*Information*:
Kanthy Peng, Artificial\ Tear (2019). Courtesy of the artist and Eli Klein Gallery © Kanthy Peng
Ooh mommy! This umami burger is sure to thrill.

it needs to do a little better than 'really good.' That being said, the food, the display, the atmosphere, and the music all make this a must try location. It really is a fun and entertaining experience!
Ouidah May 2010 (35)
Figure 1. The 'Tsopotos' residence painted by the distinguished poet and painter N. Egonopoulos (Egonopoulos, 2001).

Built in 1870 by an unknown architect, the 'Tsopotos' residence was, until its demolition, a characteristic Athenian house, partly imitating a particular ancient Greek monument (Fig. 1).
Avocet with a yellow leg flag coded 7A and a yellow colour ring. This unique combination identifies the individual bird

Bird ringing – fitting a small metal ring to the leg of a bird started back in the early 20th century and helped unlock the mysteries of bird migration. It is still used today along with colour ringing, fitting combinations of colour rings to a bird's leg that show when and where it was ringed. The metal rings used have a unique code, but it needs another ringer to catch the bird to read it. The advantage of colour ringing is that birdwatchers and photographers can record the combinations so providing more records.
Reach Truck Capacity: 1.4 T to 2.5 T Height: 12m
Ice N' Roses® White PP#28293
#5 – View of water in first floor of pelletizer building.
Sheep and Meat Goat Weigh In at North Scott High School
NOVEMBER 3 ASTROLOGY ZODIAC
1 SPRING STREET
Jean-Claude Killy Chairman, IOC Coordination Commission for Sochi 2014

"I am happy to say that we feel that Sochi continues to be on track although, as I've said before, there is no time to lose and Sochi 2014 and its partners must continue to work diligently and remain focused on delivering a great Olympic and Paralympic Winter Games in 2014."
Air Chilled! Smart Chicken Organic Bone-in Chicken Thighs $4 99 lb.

--

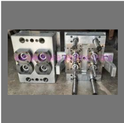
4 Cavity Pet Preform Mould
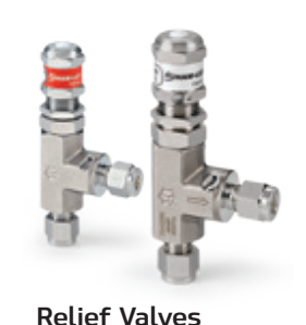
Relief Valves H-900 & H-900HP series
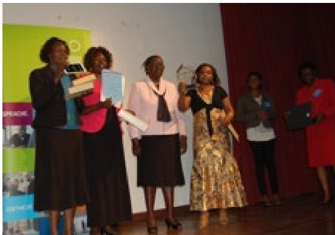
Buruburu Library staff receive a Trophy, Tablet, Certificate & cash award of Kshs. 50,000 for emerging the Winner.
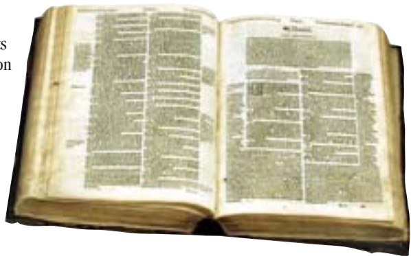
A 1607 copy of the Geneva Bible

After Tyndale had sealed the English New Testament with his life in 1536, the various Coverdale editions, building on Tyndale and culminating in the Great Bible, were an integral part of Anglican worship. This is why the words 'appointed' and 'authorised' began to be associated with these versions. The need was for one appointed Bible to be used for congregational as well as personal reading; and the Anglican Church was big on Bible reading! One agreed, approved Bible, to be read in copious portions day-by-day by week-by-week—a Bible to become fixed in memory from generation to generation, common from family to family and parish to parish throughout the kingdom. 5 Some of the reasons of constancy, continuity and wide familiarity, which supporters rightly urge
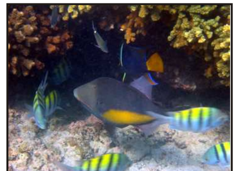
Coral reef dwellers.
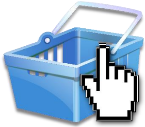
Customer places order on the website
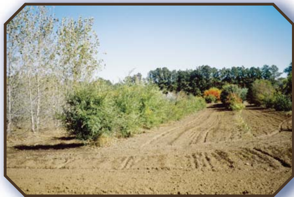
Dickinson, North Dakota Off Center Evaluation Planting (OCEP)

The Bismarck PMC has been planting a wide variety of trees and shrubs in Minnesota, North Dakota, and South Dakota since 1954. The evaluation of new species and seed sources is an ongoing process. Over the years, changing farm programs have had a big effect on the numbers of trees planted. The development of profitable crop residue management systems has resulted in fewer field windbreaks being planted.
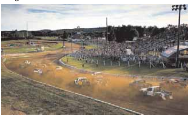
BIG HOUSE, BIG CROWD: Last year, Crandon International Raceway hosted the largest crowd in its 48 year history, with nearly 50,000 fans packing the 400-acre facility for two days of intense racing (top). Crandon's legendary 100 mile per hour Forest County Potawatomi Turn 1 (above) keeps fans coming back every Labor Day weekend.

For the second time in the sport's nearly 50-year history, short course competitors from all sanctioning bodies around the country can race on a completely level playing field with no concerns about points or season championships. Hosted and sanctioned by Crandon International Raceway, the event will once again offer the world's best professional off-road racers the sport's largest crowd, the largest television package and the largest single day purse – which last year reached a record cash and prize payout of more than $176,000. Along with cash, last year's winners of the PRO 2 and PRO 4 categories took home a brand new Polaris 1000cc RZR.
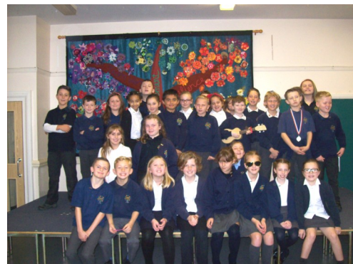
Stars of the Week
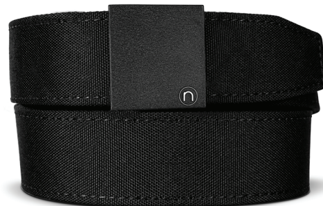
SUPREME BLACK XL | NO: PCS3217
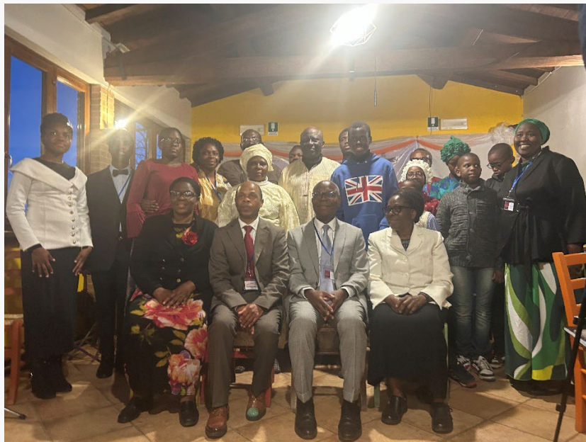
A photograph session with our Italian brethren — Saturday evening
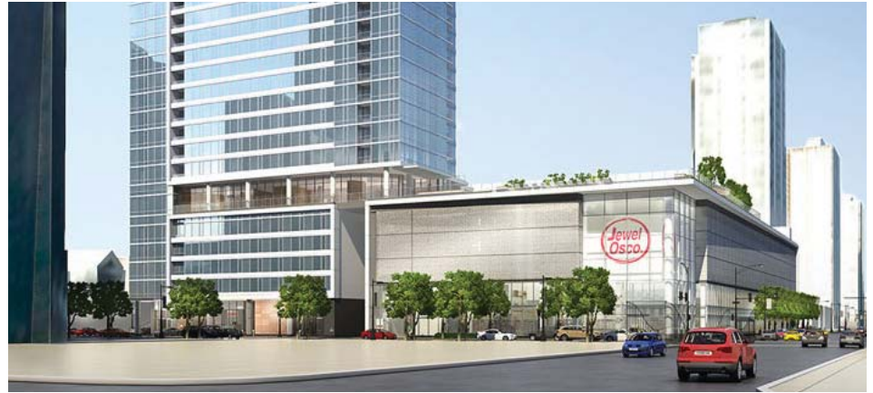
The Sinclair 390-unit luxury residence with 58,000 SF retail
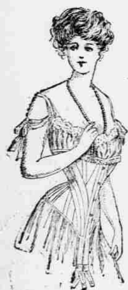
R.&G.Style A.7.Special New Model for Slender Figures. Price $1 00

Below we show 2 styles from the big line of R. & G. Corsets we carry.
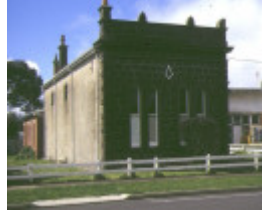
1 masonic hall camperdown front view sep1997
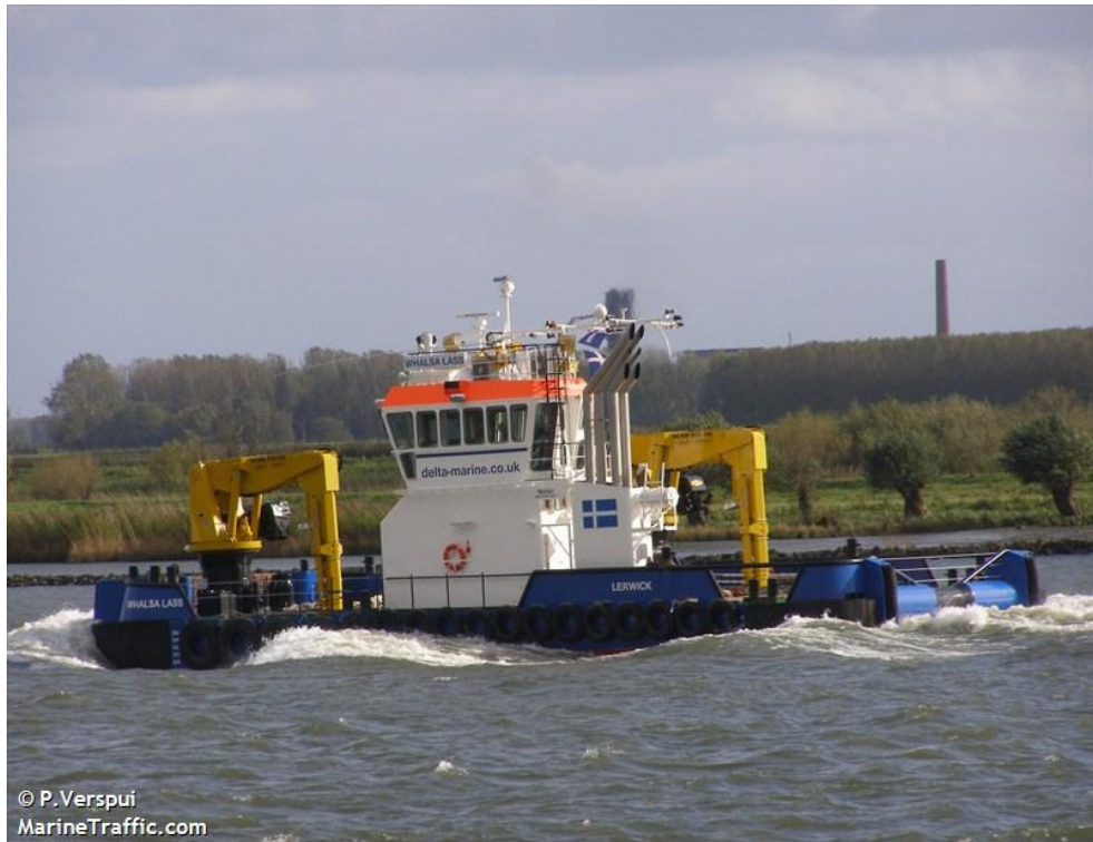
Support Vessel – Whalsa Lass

*Assignment*:
Could you restate word for word the lines above from the one containing "Kanthy Peng, Artificial\" through the one containing "Figure 1. The", both included, and nothing else?

*Answer section*:
Kanthy Peng, Artificial\ Tear (2019). Courtesy of the artist and Eli Klein Gallery © Kanthy Peng
Ooh mommy! This umami burger is sure to thrill.

it needs to do a little better than 'really good.' That being said, the food, the display, the atmosphere, and the music all make this a must try location. It really is a fun and entertaining experience!
Ouidah May 2010 (35)
Figure 1. The 'Tsopotos' residence painted by the distinguished poet and painter N. Egonopoulos (Egonopoulos, 2001).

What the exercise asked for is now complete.